You'll have to program this on your own, and beware the pixel-by-pixel collision is probably too expensive for the iPhone. My recommendation is to write a Collidable protocol (called an interface in every other programming language), give it a collidedWith:(Collidable *)c function, and then just implement that for any object that you want to allow collision for. Then you can write case-by-case collision logic. Similarly, you can make a big superclass that has all the information you'd need for collision (in your case either an X, Y, width, and height, or an X, Y, and a pixel data array) and a collidesWith method. Either way you can write a bunch of different collision methods - if you're only doing pixel collision for a few things, it won't be much of a performance hit. Typically, though, it's better to do bounding box collision or some other collision based on geometry, as it is significantly faster.
The folks over at metanetsoftware made some great tutorials on collision techniques, among them axis separation collsion and grid based collision, the latter of which sounds like it would be more viable for your game. If you want to stick with brute force collision detection, however (checking every object against every other object), then making a bounding box that is simply smaller than the image is typically the proper way to go. This is how many successful platformers did it, including Super Mario Brothers.You might also consider weighted bounding boxes - that is, you have one bounding box for one type of object and a different sized one for others. In Mario, for example, you have a larger box to hit coins with than you do enemies.
Now, even though I've warned you to do otherwise, I'll oblige you and put in how to do pixel-based collision. You're going to want to access the pixel data of your CGImage, then iterate through all the pixels to see if this image shares a location with any other image. Here's some code for it.
for (int i = 0; i < [objects count]; i++)
{
MyObject *obj1 = [objects objectAtIndex:i];
//Compare every object against every other object.
for (int j = i+1; j < [objects count]; j++)
{
MyObject *obj2 = [objects objectAtIndex:j];
//Store whether or not we've collided.
BOOL collided = NO;
//First, do bounding box collision.

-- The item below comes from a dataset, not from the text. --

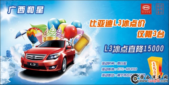 炎炎夏日,剛剛經(jīng)歷了幾場熱火朝天的車展,您是否酷熱難耐了呢?廣西和星比亞迪傾情為您帶來夏日清爽,比亞迪L3夏日冰點價直降15000,活動車型僅限3臺哦,對比亞迪L3感興趣的朋友們趕快出手吧。

We don't want to bother checking
//Pixels unless we are within each others' bounds.
if (obj1.x + obj1.imageWidth >= obj2.x &&
obj2.x + obj2.imageWidth >= obj1.x &&
obj1.y + obj1.imageHeight >= obj2.y &&
obj2.y + obj2.imageGeight >= obj1.y)
{
//We want to iterate only along the object with the smallest image.
//This way, the collision checking will take the least time possible.
MyObject *check = (obj1.imageWidth * obj1.imageHeight < obj2.imageWidth * obj2.imageHeight) ? obj1 : obj2;
//Go through the pixel data of the two objects.
for (int x = check.x; x < check.x + check.imageWidth && !collided; x++)
{
for (int y = check.y; y < check.y + check.imageHeight && !collided; y++)
{
if ([obj1 pixelIsOpaqueAtX:x andY:y] && [obj2 pixelIsOpaqueAtX:x andY:y])
{
collided = YES;
}
}
}
}
}
}
I made it so pixelIsOpaque takes a global coordinate rather than a local coordinate, so when you program that part you have to be careful to subtract the x and y out of that again, or you'll be checking out of the bounds of your image.